TASK REQUIREMENTS:
Without any of its pictures, the listing below should be output exactly.

MATERIAL PROVIDED:
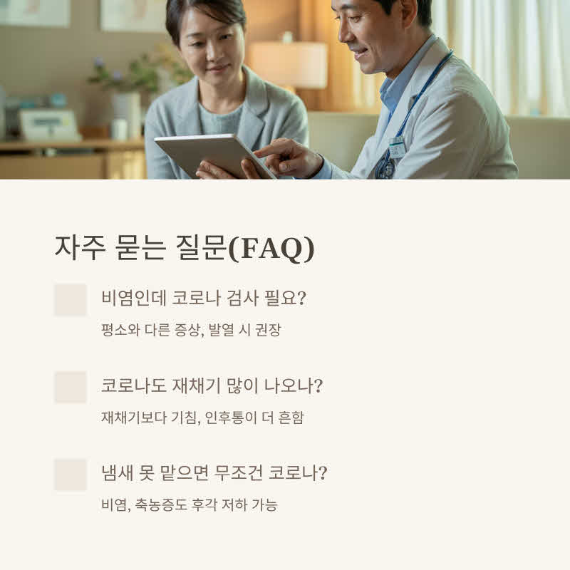 특히 비염 환자라도 평소 증상과 다르면 검사가 안전합니다.
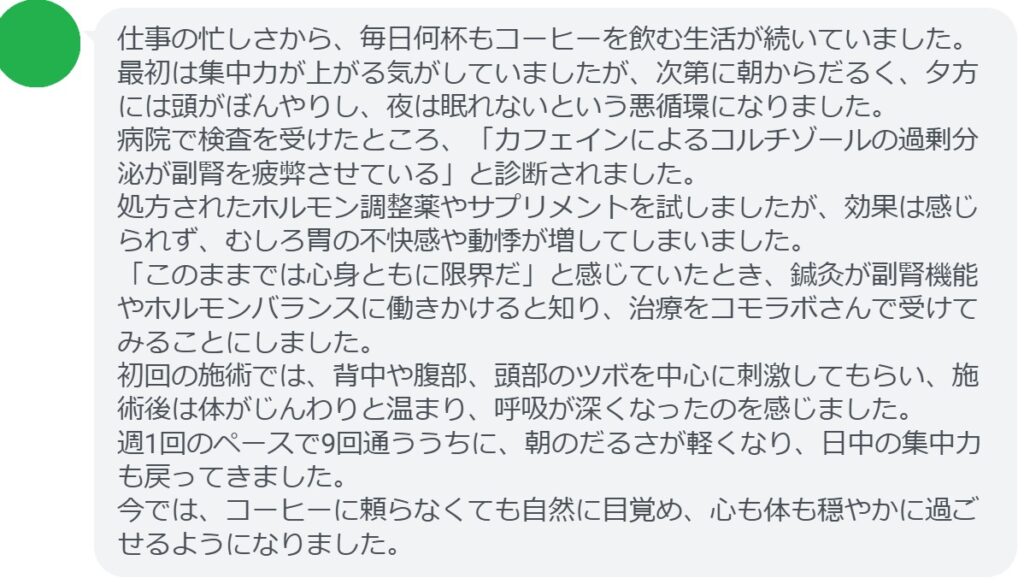 「このままでは心身ともに限界だ」と感じていたとき、鍼灸が副腎機能やホルモンバランスに働きかけると知り、治療をコモラボさんで受けてみることにしました。
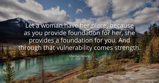 Moore, Shemar. (2026, January 16). Let a woman have her place, because as you provide foundation for her, she provides a foundation for you. And through that vulnerability comes strength. FixQuotes. https://fixquotes.com/quotes/let-a-woman-have-her-place-because-as-you-provide-94859/
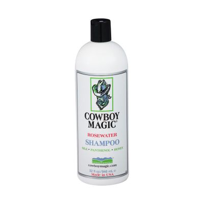 Cowboy Magic Concentrated Rosewater Shampoo with Silk Conditioners is easy to use and formulated to gently dissolve dirt, clean hair, and condition the hair and skin. It is easy to rinse. Can be used at full strength or diluted up to 20 to 1.

OUTPUT FOR THIS EXERCISE:
 특히 비염 환자라도 평소 증상과 다르면 검사가 안전합니다.
 「このままでは心身ともに限界だ」と感じていたとき、鍼灸が副腎機能やホルモンバランスに働きかけると知り、治療をコモラボさんで受けてみることにしました。
 Moore, Shemar. (2026, January 16). Let a woman have her place, because as you provide foundation for her, she provides a foundation for you. And through that vulnerability comes strength. FixQuotes. https://fixquotes.com/quotes/let-a-woman-have-her-place-because-as-you-provide-94859/
 Cowboy Magic Concentrated Rosewater Shampoo with Silk Conditioners is easy to use and formulated to gently dissolve dirt, clean hair, and condition the hair and skin. It is easy to rinse. Can be used at full strength or diluted up to 20 to 1.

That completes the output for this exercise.